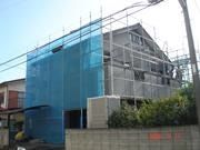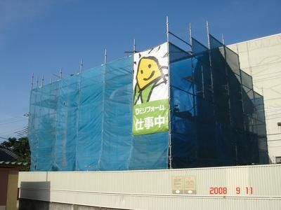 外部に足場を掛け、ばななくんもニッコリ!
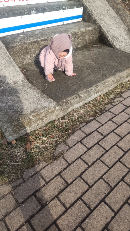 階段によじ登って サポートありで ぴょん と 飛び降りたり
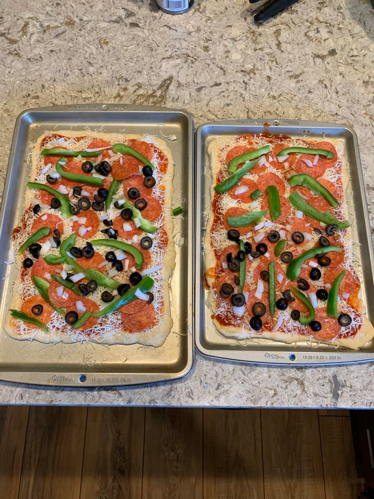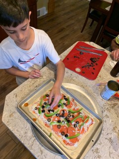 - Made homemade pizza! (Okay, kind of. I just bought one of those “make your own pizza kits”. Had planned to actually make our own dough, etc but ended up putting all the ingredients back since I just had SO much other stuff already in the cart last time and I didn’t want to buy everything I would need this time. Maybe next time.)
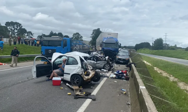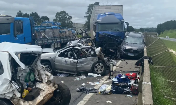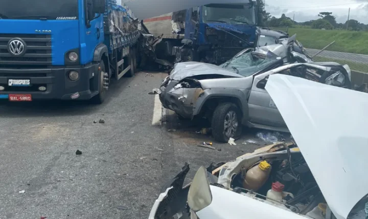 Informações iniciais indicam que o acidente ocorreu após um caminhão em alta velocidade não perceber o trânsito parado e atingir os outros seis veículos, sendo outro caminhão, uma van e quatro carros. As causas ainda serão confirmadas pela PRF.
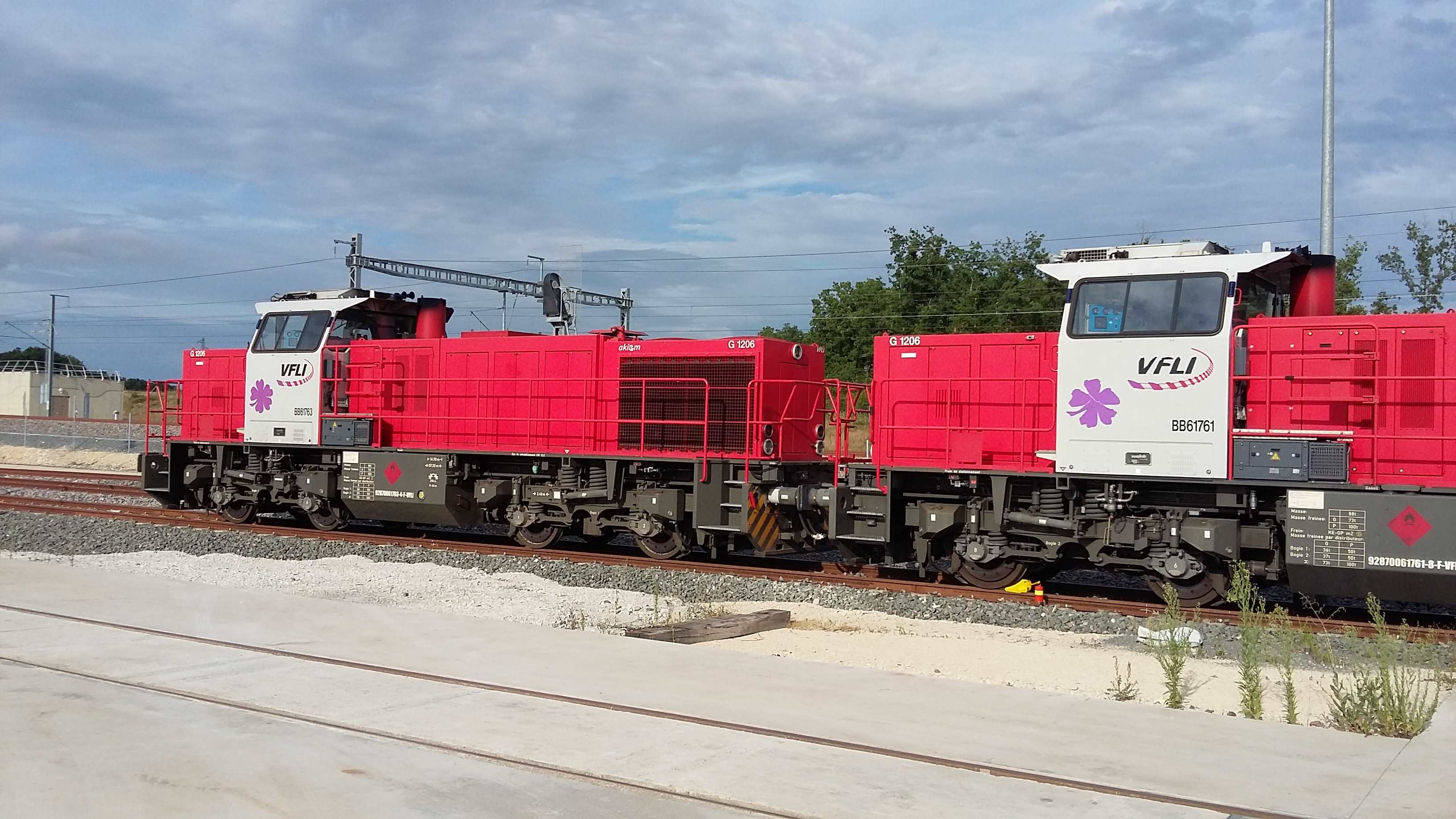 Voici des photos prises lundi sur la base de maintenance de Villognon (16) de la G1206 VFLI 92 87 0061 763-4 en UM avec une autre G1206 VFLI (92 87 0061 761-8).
┄┄┄┄┄┄┄┄┄┄┄┄┄┄┄┄┄┄┄┄
_ABOUT THIS EXERCISE:_
Write out again, exactly, the lines from the start of the listing up to the line containing "- Made homemade", with both ends and without pictures.

_COMPLETED EXERCISE:_
 外部に足場を掛け、ばななくんもニッコリ!
 階段によじ登って サポートありで ぴょん と 飛び降りたり
 - Made homemade pizza! (Okay, kind of. I just bought one of those “make your own pizza kits”. Had planned to actually make our own dough, etc but ended up putting all the ingredients back since I just had SO much other stuff already in the cart last time and I didn’t want to buy everything I would need this time. Maybe next time.)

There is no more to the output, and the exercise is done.